Hacker News new | ask | show | jobs
by techtalsky 4036 days ago
You know, the age of ACTUAL pop-up windows really sucked, and it was amazing when browsers rendered them largely obsolete by limiting how websites could launch another window but at least all of those had the X in the SAME EXACT PLACE.

The new crop of lightboxed modal popups that are now ubiquitous are 100 times worse since they:

- are modal

- often work poorly on mobile

- have as many different dismiss mechanisms as there are popups

- web marketers love them

5 comments

The crucial usability difference is that lightbox style "popups" are all gone instantly when you close the page/tab.
I saw a particularly impressive one the other day which watched for mouse events on document.body, and when your mouse left the page in the "up" direction, it triggered a "Wait!
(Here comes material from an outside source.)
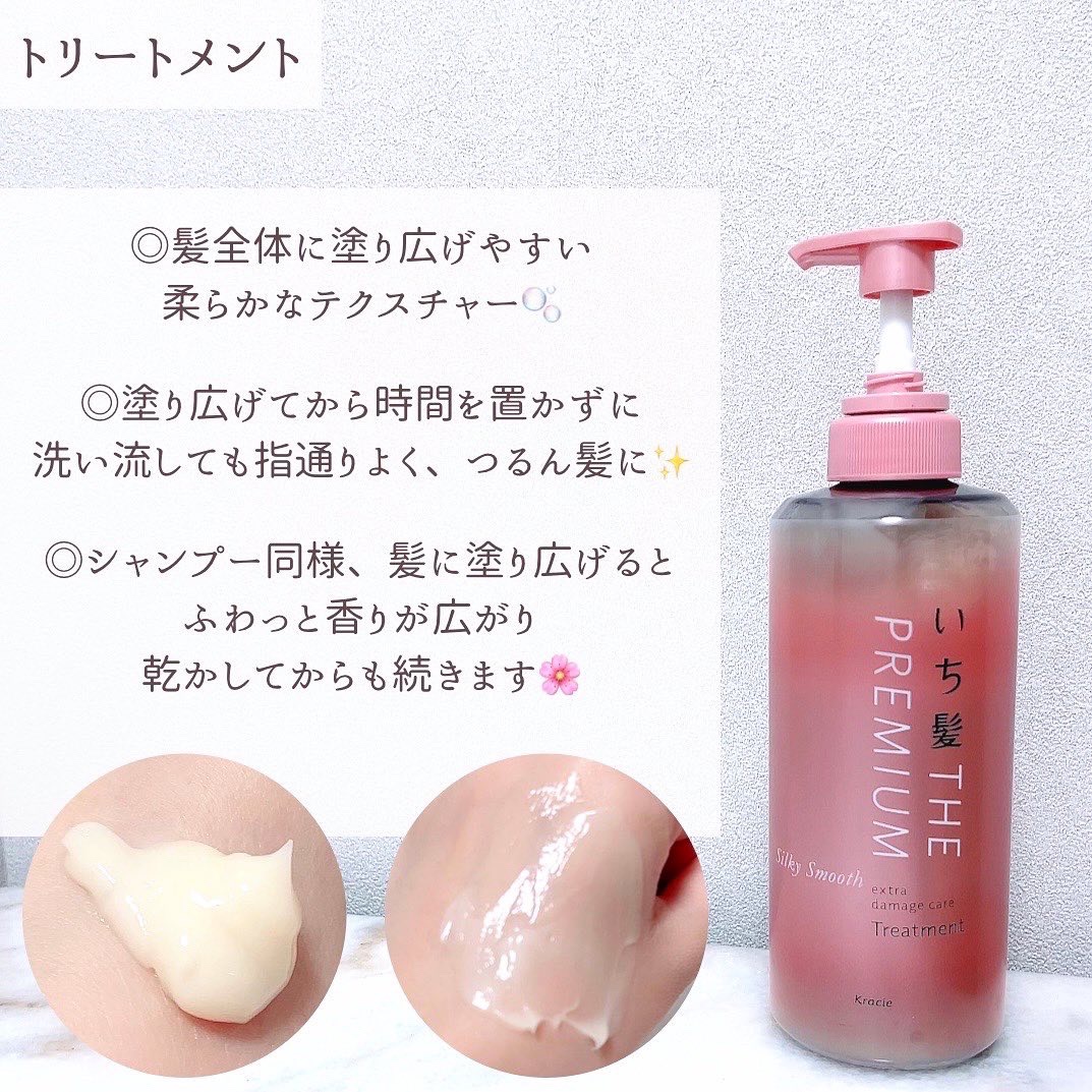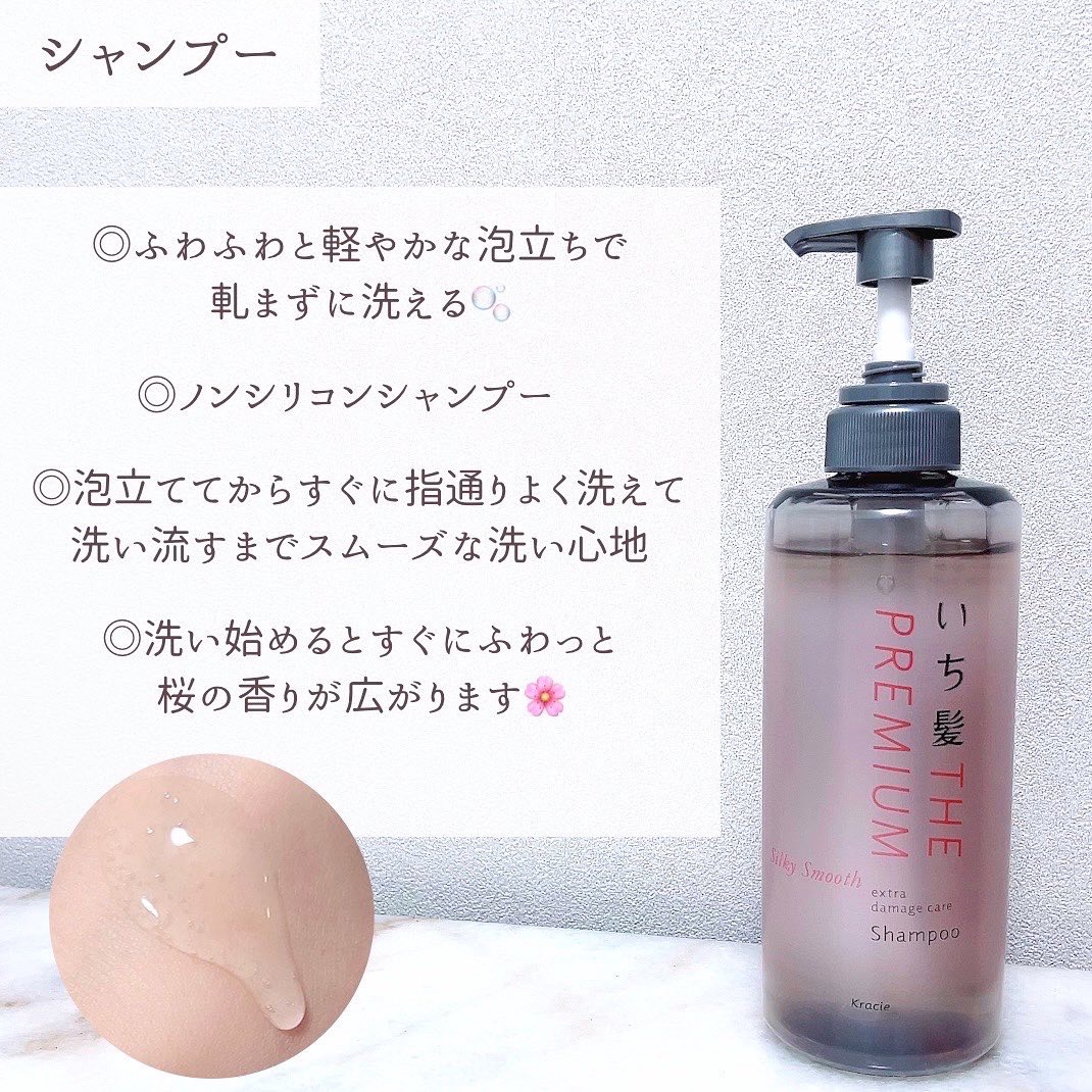 しっとり艶髪に🫧上品な八重桜の香りのいち髪 THE PREMIUM エクストラダメージケア🌸 米ぬか発酵導入美容液(集中補修成分)と源泉和漢エキス(指通り&艶UP成分)が空洞化した髪内部を集中して補修してくれるいち髪premium✨✨ シャンプーの泡立ちはかなり良くふわふわの泡が簡単にできました!🫧

Don't switch tabs! Check out this offer we have for you!" popup.
Sounds nice. Just yesterday I saw another version of not too intrusive popup - it came after about 20 seconds at the bottom right, not obscuring the content, but noticable (some animation, don't remember exactly), and in the popup the headline was "Hey, at least it's not centered" or something like that. I actually smiled at that, so it got a positive initial impression. I didn't sign up because I wasn't that interested in the content of the site, but still nicely done.
Those are called "exit intent" popups. The idea is this: If the person is about to close the page anyway, why not take a shot at offering them something? There's nothing to lose.
Except getting your site on a junkware blacklist.
They are not worse. They're totally self-contained. Do you not remember trying to chase down multiple pop-up windows which themselves would spawn more pop-up windows when you went to close them? In the absolute worst case with modals, you can just hit back or close the tab.
I really wish there was a way to globally disable all lightboxes without having to disable JavaScript entirely.

Maybe a Machine Learning model to prevent scripts from executing if the classifier indicates it will spawn a lightbox...

Something as simple as checking that nothing dynamic blocks too much text would detect most of them currently.

But it quickly turns into a cat-and-mouse game.

That would stop any drop-down menu navigation bars from working though.
Love this idea. Would like to add that I'd love to block any fixed topnav that stays on the screen as you scroll down.
I, too, wish there were a feature that would break Web applications that use modals for marginal benefit.